Stepmother
A good stepmother deserves as much praise and honor as a true mother. Most parents know that it is not easy to raise their own children, let alone someone else’s. Disconcerting problems arise daily. A stepmother assumes all of a mother’s problems, and many times under the most trying circumstances. Her fortune is often made difficult by the attitude of the late mother’s relatives.
…Mothers are not perfect. As such we should not expect to have perfect stepmothers either. In general, they perform more than satisfactorily. Many times stepmothers undertake duties about which they know little and often they are not adequately prepared to fulfill them. In addition, they must accustom themselves to children who are not their own; they must learn each child’s disposition, characteristic, whims, and emotions—hardly an easy task. Often they even must face resentment from the wounded children whom they are seeking to comfort and help.
The stepmother needs to be as wise as Solomon in settling disputes among siblings, determining each child’s rights and privileges, and in knowing when to draw the line in the family. She needs to know how to benevolently occupy her rightful place in the home, and to maintain the love and respect of her husband.
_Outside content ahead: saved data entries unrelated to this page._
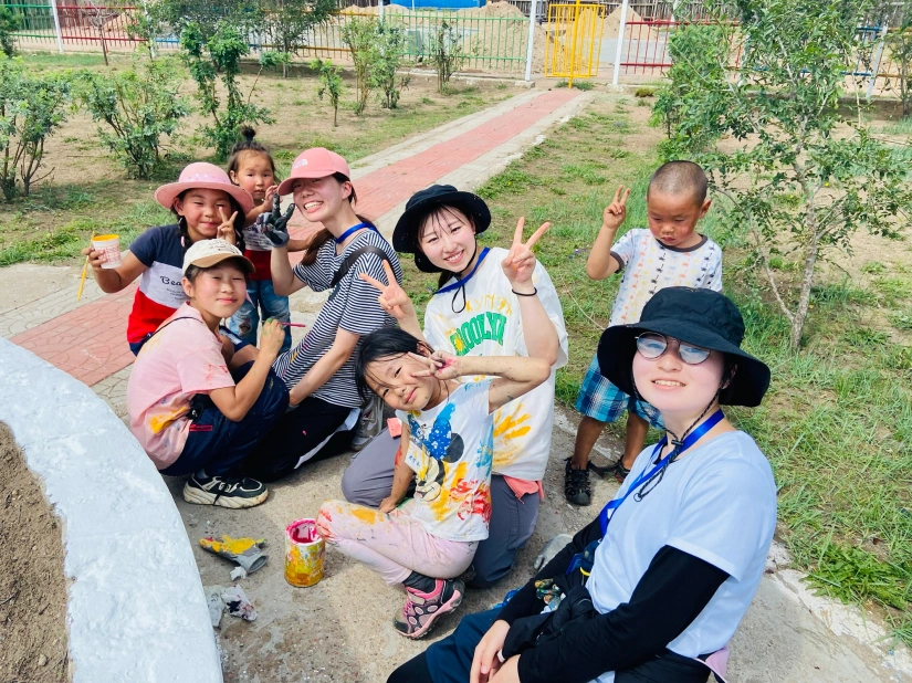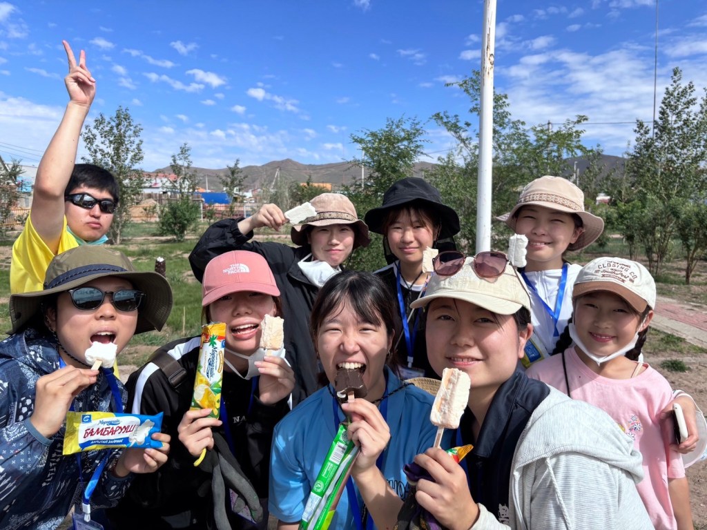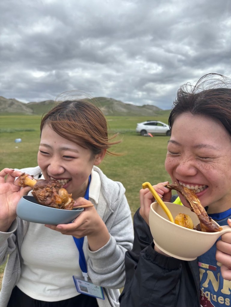 ワーク中は、モンゴル人が「お水をのんでください」と日本語を覚えてくれて、一緒に休憩したり、日本人も「ヒチェゲレー!(がんばれー)」とモンゴル語で応援したりしていました☺️
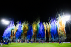 Ciudad de México, 21 de marzo de 2026. Espectáculo de Medio Tiempo, durante el partido correspondiente a la jornada 12 del torneo Clausura 2026 de la Liga BBVA MX, entre los Pumas de la UNAM y las Águilas del América, realizado en el estadio Olímpico Universitario. Foto: Imago7/ Diego Padilla
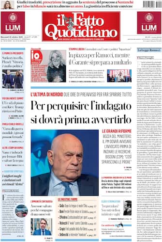 - In primo piano la bozza della riforma di Nordio: "Per perquisire l'indagato si dovrà prima avvertirlo". La reazione di Bisogni (Csm): "Così spariscono le prove". Spazio al caso del giornalista Ranucci: "In piazza per Ranucci, mentre il Garante si prepara a multarlo". Poi, l'incarcerazione di Sarkozy e le parole di Plenel: "Vittoria, è mafio-politica". Focus anche sulla guerra in Ucraina, con il summit Trump-Putin saltato e il piano dell'Ue in dodici punti per la pace. Infine, il Medio Oriente: Vance in Israele per "salvare la tregua".
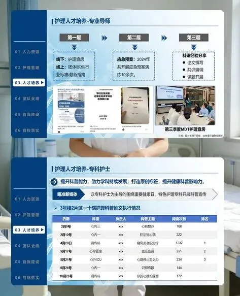 人才培养实现多层次全覆盖。针对护士长开展管理能力提升分享,通过多维度测评锤炼领导力;为专业导师搭建学习平台,开展 10 余次应急预案演练;引导专科护士打造科普品牌,多篇推文阅读量名列前茅;借助疑难病例讨论,提升带组护士风险干预能力,全年培养优秀规培护士、服务明星等多名骨干人才。
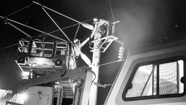 1月25日凌晨,作业负责人宁耀剑(左)向接触网支柱上操作的蒋鹏传递材料。连日来,中国铁路南宁局集
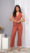 This rust-colored cotton waistcoat with matching trousers combines elegance and comfort in a versatile ensemble. Crafted from breathable cotton, it offers a tailored fit that enhances your silhouette while allowing ease of movement. Perfect for formal occasions or professional settings, this set ensures a polished and confident look throughout the day.

The woman who enters a home and serves as a mother to children that are not her own, who never interferes between her husband and his children, who directs the children in the right path and tries to prevent them from going astray, is indeed worthy of great honor.
When Nancy Hanks Lincoln died at the age of thirty-five, Thomas Lincoln constructed a coffin of hand made boards and buried his beloved wife in a neighboring clearing in the woods. Little Abe Lincoln and his sister Sarah descended that mount in bewilderment, cleaving to each other in their sorrow. During the next year, Sarah, despite her young age, tried to care for their home as best as she could. One day, her father left for a week, and, upon his return, brought them a new mother—Sally Bush Johnson. Greater happiness and blessings have rarely befallen any home.
Love begets love. Children will respond to their maternal care. Sally Johnson knew how to cook and sew. She made, among other things, Abe’s first fur cap. She taught the children how to read with the three books she had, and told them about the difficulties they might have to confront during their lives. She inspired in them dreams and ambitions. Her success as a stepmother may be summarized in a statement written years later by the great president: “All that I am, and ever hope to be, I owe to my dear mother.” Sally Bush Lincoln outlived her illustrious son by four years, and thus was able to see the favorable results of her life of sacrifice in his behalf.
Most children are loving and forgiving. Almost without exception, they will respond positively to a loving, kind, and understanding stepmother.
When God will gather up his children and distribute their rewards, he will not forget the faithful stepmother who sought to replace, as far as possible, a mother taken from her children.